_WHAT YOU SHOULD DO_:
Please keep the pictures out and write out exactly the lines from the first in the data below through the one containing "Gri renkte, pilili, normal", both included.

_SOURCE MATERIAL_:
*** Begin section ***

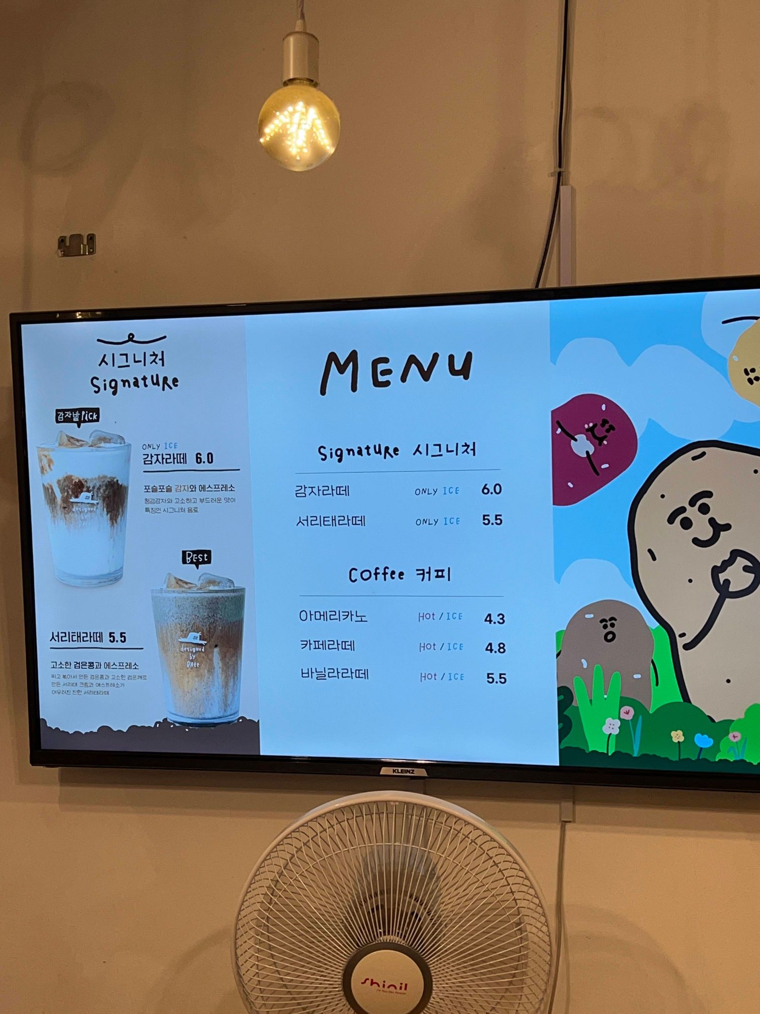 시그니처 음료로 감자라떼가 있는데 감자라떼는 6천원.
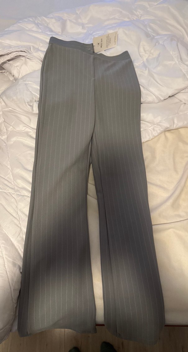 Gri renkte, pilili, normal boyda kadın kumaş pantolon. Ofis için uygun, rahat kesimli ve trend casual tarzda, sentetik kumaştan üretilmiştir.
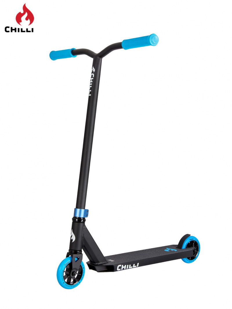 La trottinette Freestyle Chilli Base Bleu est le modèle idéal pour débuter dans le freestyle, quel que soit son âge. Elle est équipée des meilleurs matériaux et offre un excellent rapport qualité/prix. Avec ses 50 cm de long et ses 11,5 cm de large, le deck offre un espace parfait pour une bonne stabilité. L'unité de couleur entre le collier de serrage double vis, les roues, et les poignées apporte un look simple et élégant. Elle combine légèreté et résistance grâce à son système de compression HIC universel. La trottinette Chilli Base offre au rider débutant leurs premières sensations en Freestyle sans faire de compromis sur la qualité et la sécurité.
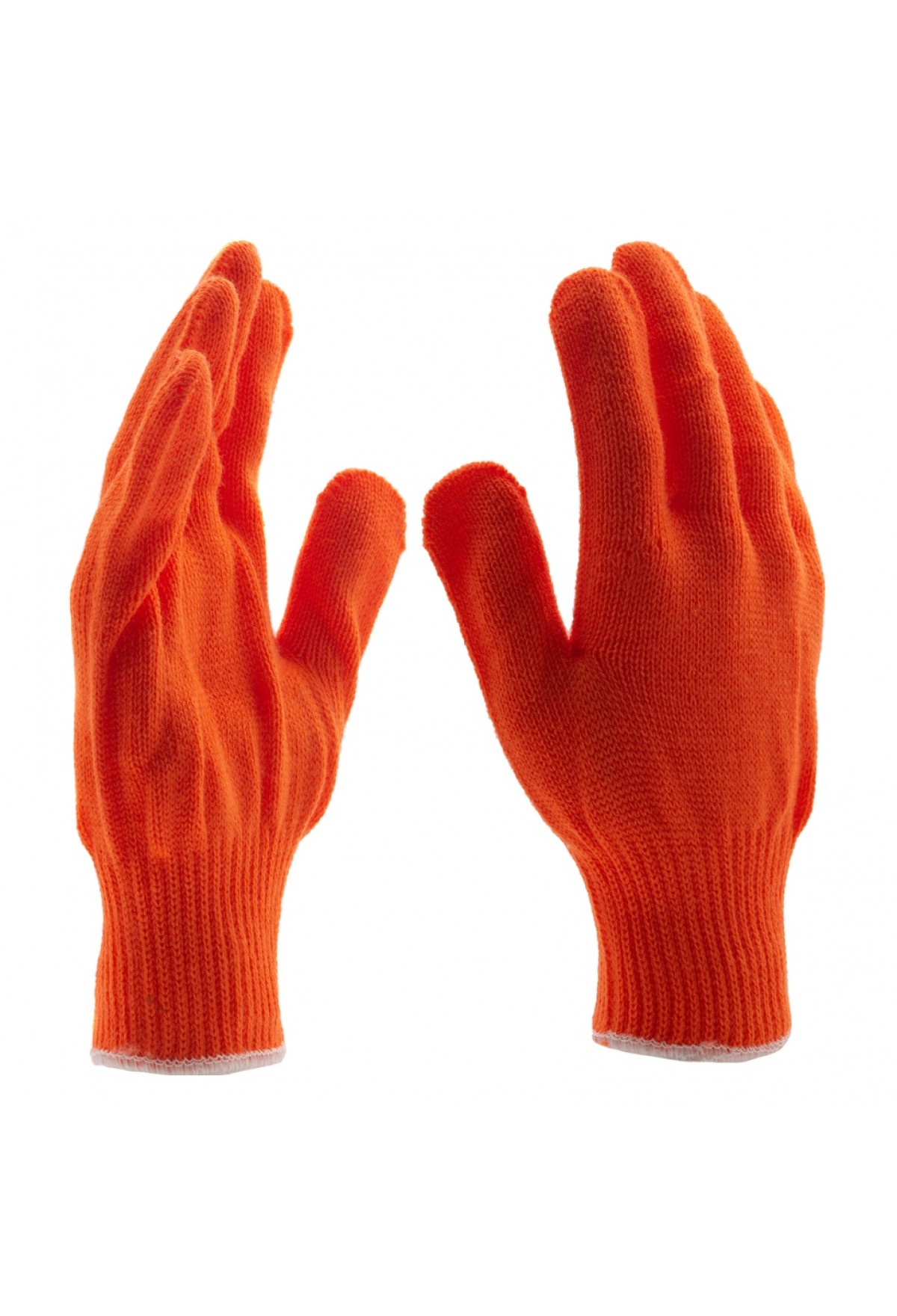 Трикотажные перчатки Сибртех 68659 оранжевого цвета, из акрила, обработанные оверлоком, используют во время проведения строительных и монтажных работ. Они надежно защищают руки от холода, а также от травм и загрязнений. Эластичные перчатки легко надеваются и не стесняют движения пальцев по время работы.

*** End section ***

_ANSWER TO THIS TASK_:
 시그니처 음료로 감자라떼가 있는데 감자라떼는 6천원.
 Gri renkte, pilili, normal boyda kadın kumaş pantolon. Ofis için uygun, rahat kesimli ve trend casual tarzda, sentetik kumaştan üretilmiştir.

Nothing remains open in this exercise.